*** Block opens ***
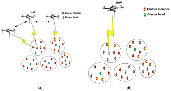 We consider a UAV scenario as a mobile data collector to gather information from a set of N sensors, denoted as . The position of the sensor Sn is expressed as. Clustering sensor nodes is crucial to lessen the network delay and avoid collision during the data collection period. Therefore, sensor nodes are clustered using the unequal clustering algorithm, as discussed in [43,44]. At first, sensor nodes share their head status (i.e., node identifier, residual energy, and location coordinates) to all the sensor nodes within their range. The node with the highest energy is chosen as CH for that region. If any node is selected as CH, no other CH will be selected within its competition range. After a CH is nominated, sensor nodes send a join request to the CH. Then, the CH selects its cluster members based on distance and the number of cluster members it can accommodate. CHs are accountable for gathering data from their cluster members before UAV arrives. At every round, after UAV-to-CH communication, the remaining energy of CH is compared with the minimum energy required to be CH. If the remaining energy of a CH is lower than the minimum required energy, the CH selection process is restarted.
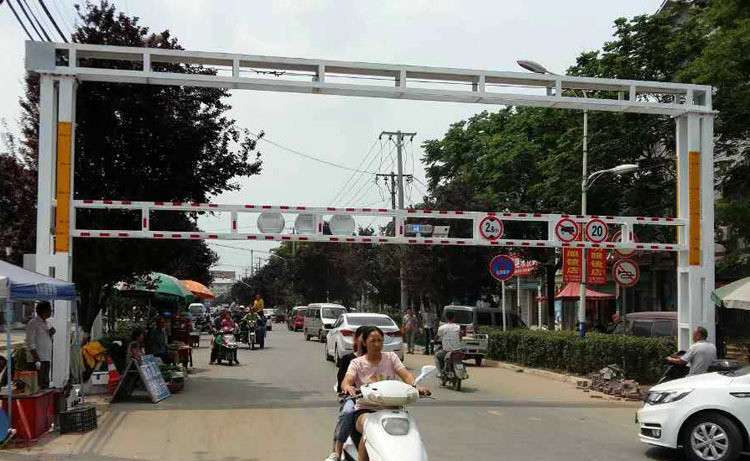 固定限高架又分為固定一體限高架和固定撞不壞限高架。固定一體限高架為一次性不可調節高度限高架,靠架子本身攔截車輛,固定式撞不壞限高架在緊急情況下要達到車輛通行必須依靠外力抬起,比如吊車等;固定一體限高架主要用于橋梁、涵洞、隧道入口處的門型構架,一般為鋼結構焊接而成,起防護橋梁、涵洞、隧道的作用;上有標志牌,標有限高米數,用于提示車輛。可調節高度限高架分為手動限高架、電動限高架兩種;手動限高架通過手動裝置在需要時可手動抬起限高桿;電動限高架又分為電動限高架、電動液壓限高架、氣動限高架等。
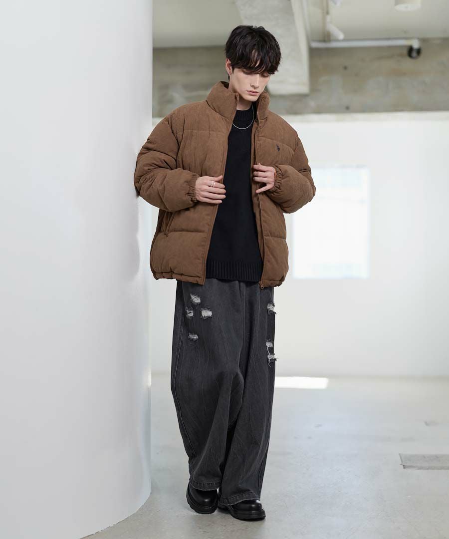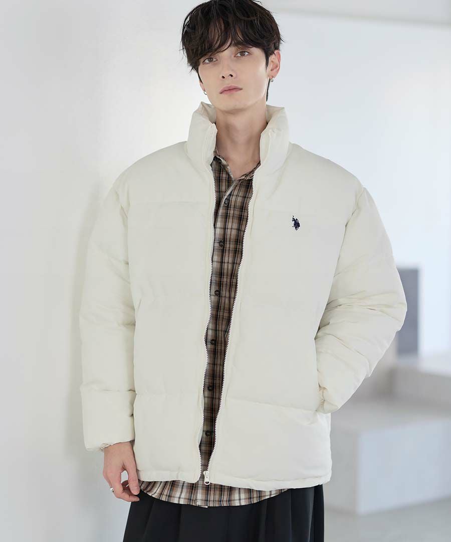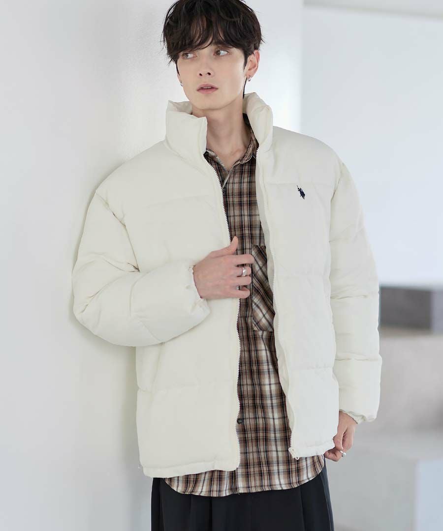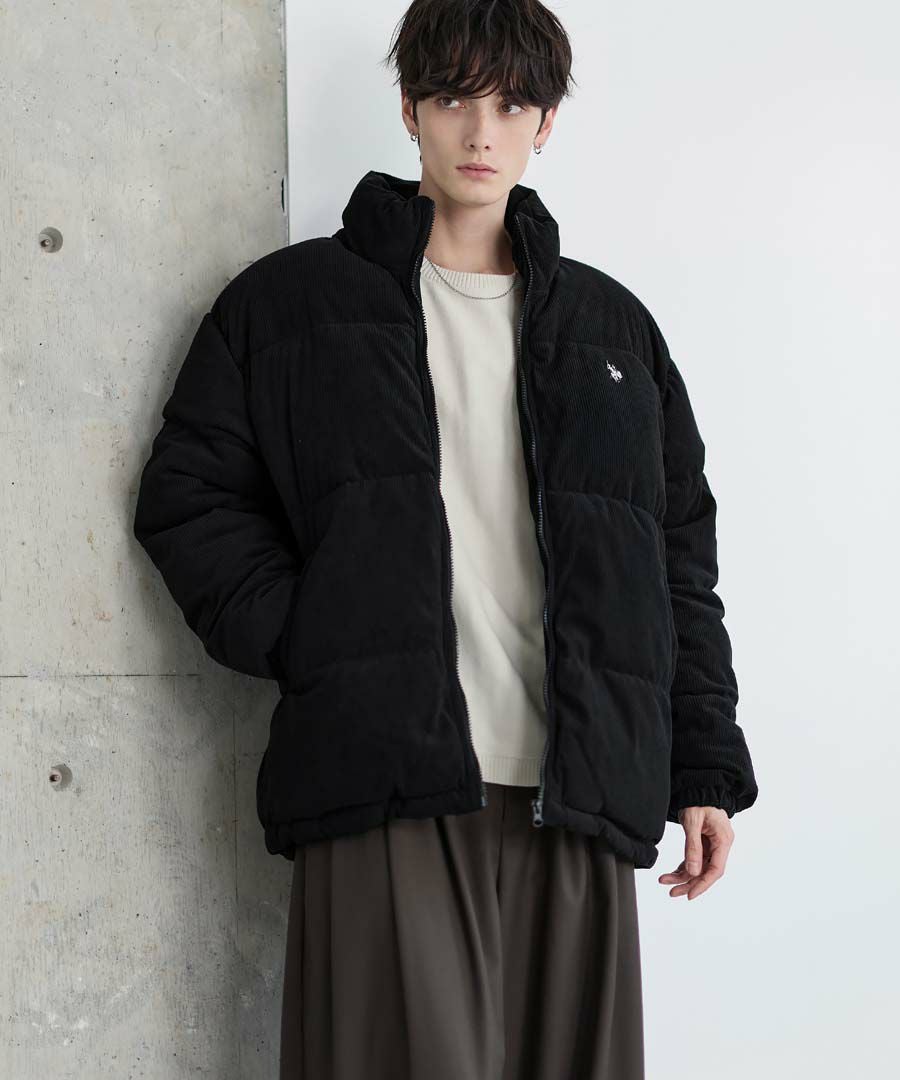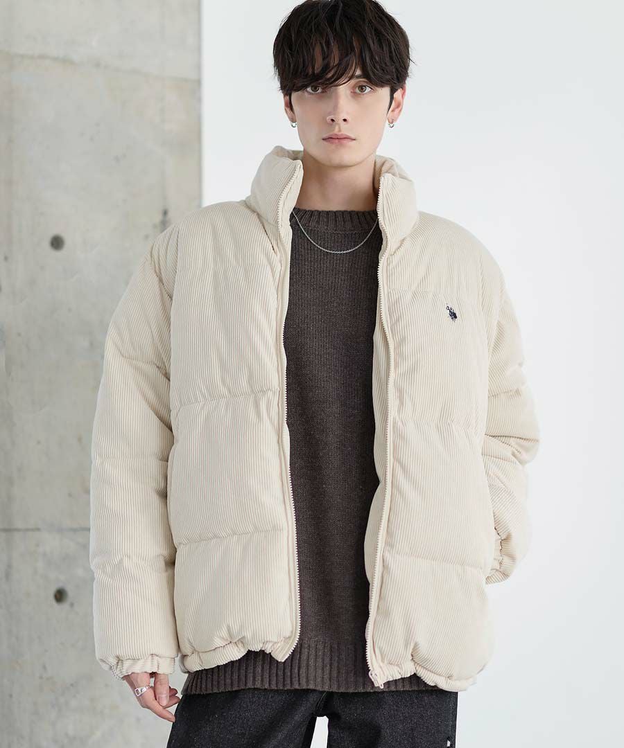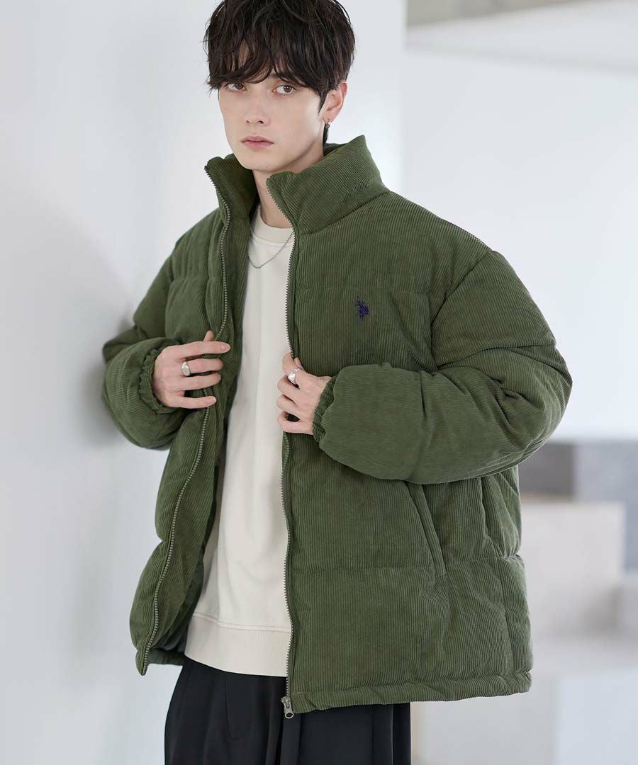 U.S.POLO ASSN. ハイネックボリューム中綿スタンドネックブルゾン タフタ/コーデュロイ
*** Block closes ***
• [Action item]: All lines from the one containing "固定限高架又分為固定一體限高" through the end of the data are to be restated exactly, with nothing else and without the pictures.

• [Result of this task]:
 固定限高架又分為固定一體限高架和固定撞不壞限高架。固定一體限高架為一次性不可調節高度限高架,靠架子本身攔截車輛,固定式撞不壞限高架在緊急情況下要達到車輛通行必須依靠外力抬起,比如吊車等;固定一體限高架主要用于橋梁、涵洞、隧道入口處的門型構架,一般為鋼結構焊接而成,起防護橋梁、涵洞、隧道的作用;上有標志牌,標有限高米數,用于提示車輛。可調節高度限高架分為手動限高架、電動限高架兩種;手動限高架通過手動裝置在需要時可手動抬起限高桿;電動限高架又分為電動限高架、電動液壓限高架、氣動限高架等。
 U.S.POLO ASSN. ハイネックボリューム中綿スタンドネックブルゾン タフタ/コーデュロイ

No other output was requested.